Wenn Gartenarbeit sich zur Sucht steigert

Was für den einen die Zigarette, ist für den anderen sein Garten. Für viele ein Rückzugsort von dem stressigen Alltag, für andere wiederum eine Lebensaufgabe. Im eigenen Garten gibt es jedes Jahr von Neuem viel zu tun. Manche Leute gestalten ihren Garten so, dass er Park ähnlich erscheint. Mit vielen verschiedenen Abschnitten oder Zeitepochen. Hier muss gemäht, geschnitten und gepflanzt werden, was das Zeug hält. Menschen hält es nicht mehr im Haus sowie sich die ersten Sonnenstrahlen zeigen.

Der Gartenwahnsinn

Wer jede freie Minute in seinem Garten verbringt und sich für nichts anderes mehr interessiert, sollte Warnhinweise beherzigen. Gartenarbeit kann genauso süchtig machen wie dass spielen in einem Kasino oder die Rauschgiftsucht. Bei der Gartenarbeit wird vom eigenen Körper Dopamin ausgeschüttet, dieses Hormon fördert das Glücksgefühl, wie der Sieg in einem Spiel oder Alkohol. Wer nichts mehr wahrnimmt außer seinen Garten, braucht dringend Hilfe. Personen in der näheren Umgebung des Gartensüchtigen können Warnsignale erkennen und gegebenenfalls dieser Person helfen, indem sie ihm den Gang zu einem Therapeuten vorschlagen.

Warnsignale erkennen

Den Gartensüchtigen erkennt jeder daran, dass er von nichts anderem redet als von seinem Garten. Er weiß über Pflanzen, Blumen, Stauden und Gemüse besser Bescheid als ein Gärtner und streitet auch mal gerne, wenn jemand widerspricht. Für andere Gespräche, sind sie auch noch so aktuell, hat er keine Ohren und verfällt in sein Lieblingsthema. Die Person ist von morgens bis in den Abend hinein in seinem Garten, ignoriert auch schon einmal den Nachbarn oder das Telefon. Die einzigen Orte um ihn ausfindig zu machen, sind die Gärtnerei oder das Gartencenter. Sein Garten wandelt sich stetig.

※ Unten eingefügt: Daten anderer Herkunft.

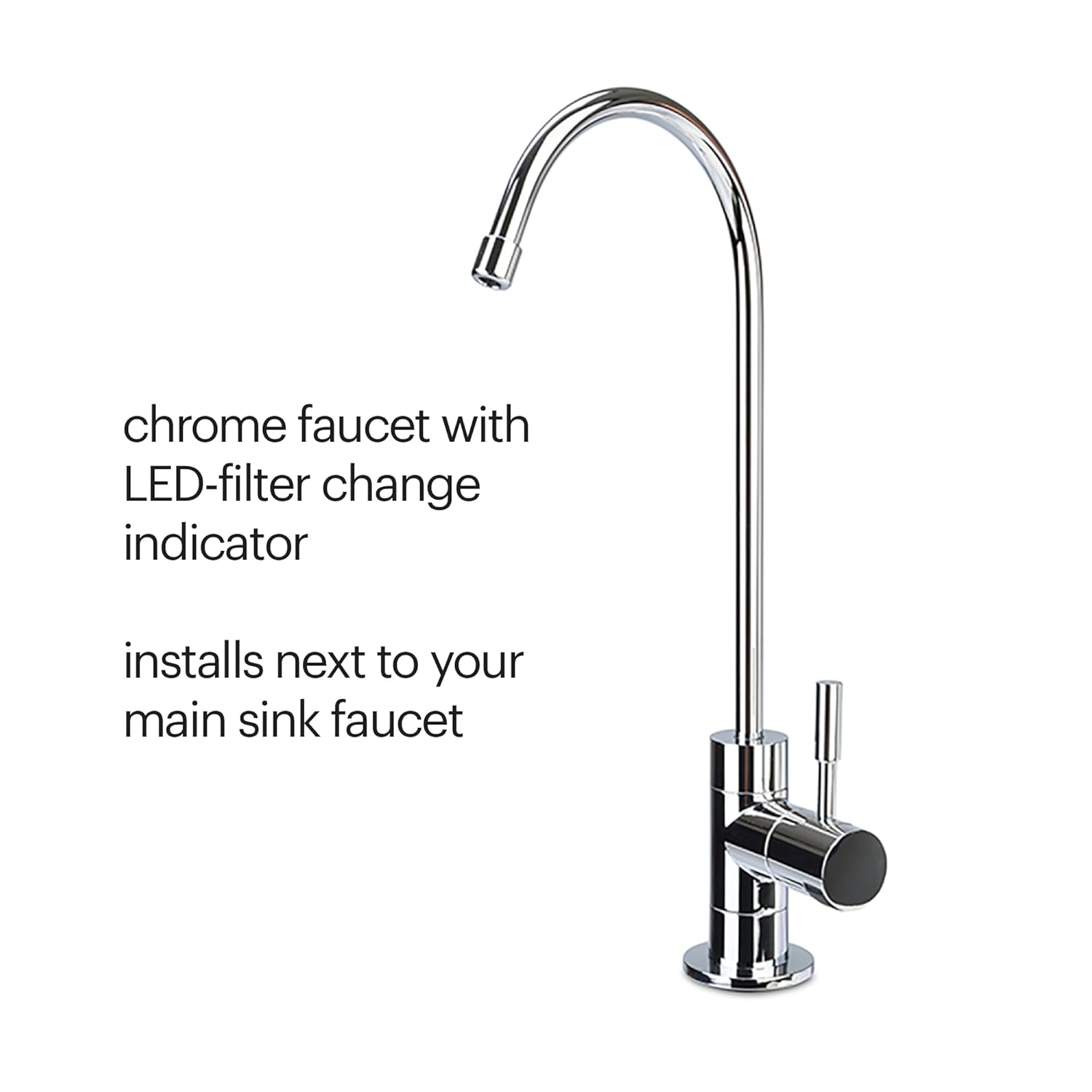 • DESIGNER FAUCET: This elegant, chrome kitchen faucet is the embodiment of quality and efficiency. The integrated LED filter change indicator conveniently reminds you when to replace your filters.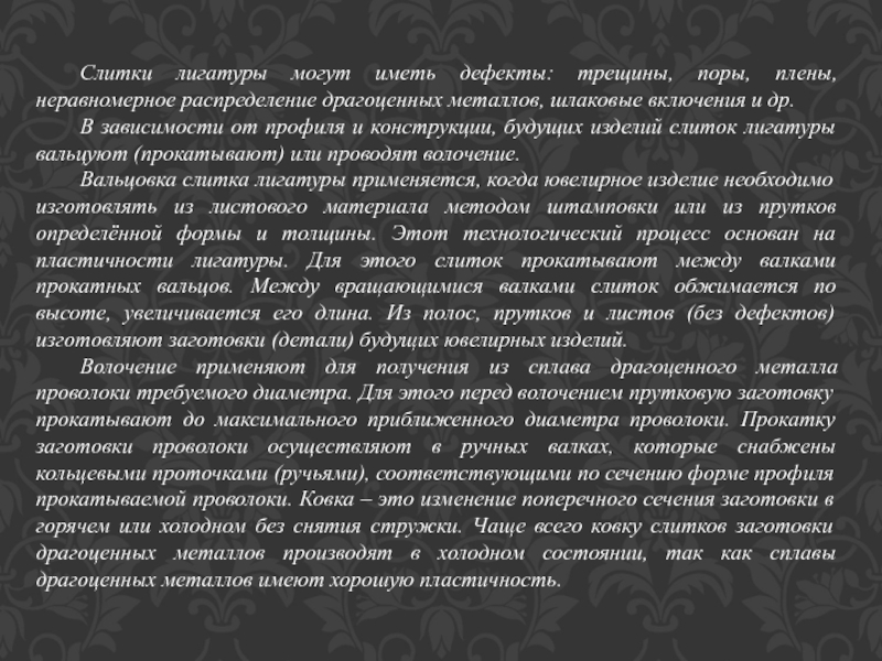 В зависимости от вида драгоценного металла и пробы будущего изделия составляют лигатуру, т. е. определяют необходимое количество драгоценного металла в сплаве и лигатурные металлы. Для золота лигатурными материалами являются в основном серебро и медь.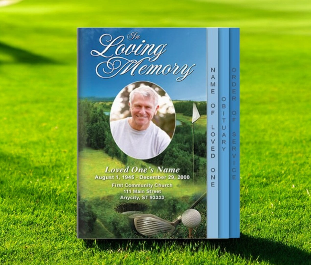The Golfer 8-Sided Graduated Program Template features a beautifully designed golf-themed tribute, set against a scenic golf course with lush putting greens, a tee, and a golfer silhouette. This elegant and personalized layout is the perfect choice for honoring a loved one who had a passion for golf. The serene landscape and thoughtfully crafted design provide a heartfelt way to celebrate their love for the game and their cherished memories on the course.

Es wird neu gepflanzt, umgepflanzt, eingetopft und ausgesät. Die Geburtstage der Freunde und der Familie werden völlig ignoriert, sogar der eigene wird nicht wahrgenommen.

Familie und Freunde müssen helfen!

Kennt jemand so eine Person in seinem näheren Umfeld, ist Handeln angesagt. Zuerst versucht man es mit ruhigen Gesprächen und Informationen, dass sich derjenige zurückgezogen hat und nicht mehr am Leben der anderen teilnimmt. Stößt man hier auf taube Ohren, müssen stärkere Geschütze aufgefahren werden. Vielleicht gibt es in der Nähe Selbsthilfegruppen, die im Internet aufgeführt sind. Gespräche mit anderen Betroffenen wirken manchmal Wunder. Hilft das immer noch nichts, muss die Familie informiert werden, die einen Arzt zu Rate ziehen muss. Nur so kann einem Gartensüchtigen über einen gewissen Zeitraum geholfen werden. Auch wenn diese Hilfe nur bis zum nächsten Frühjahr dauert.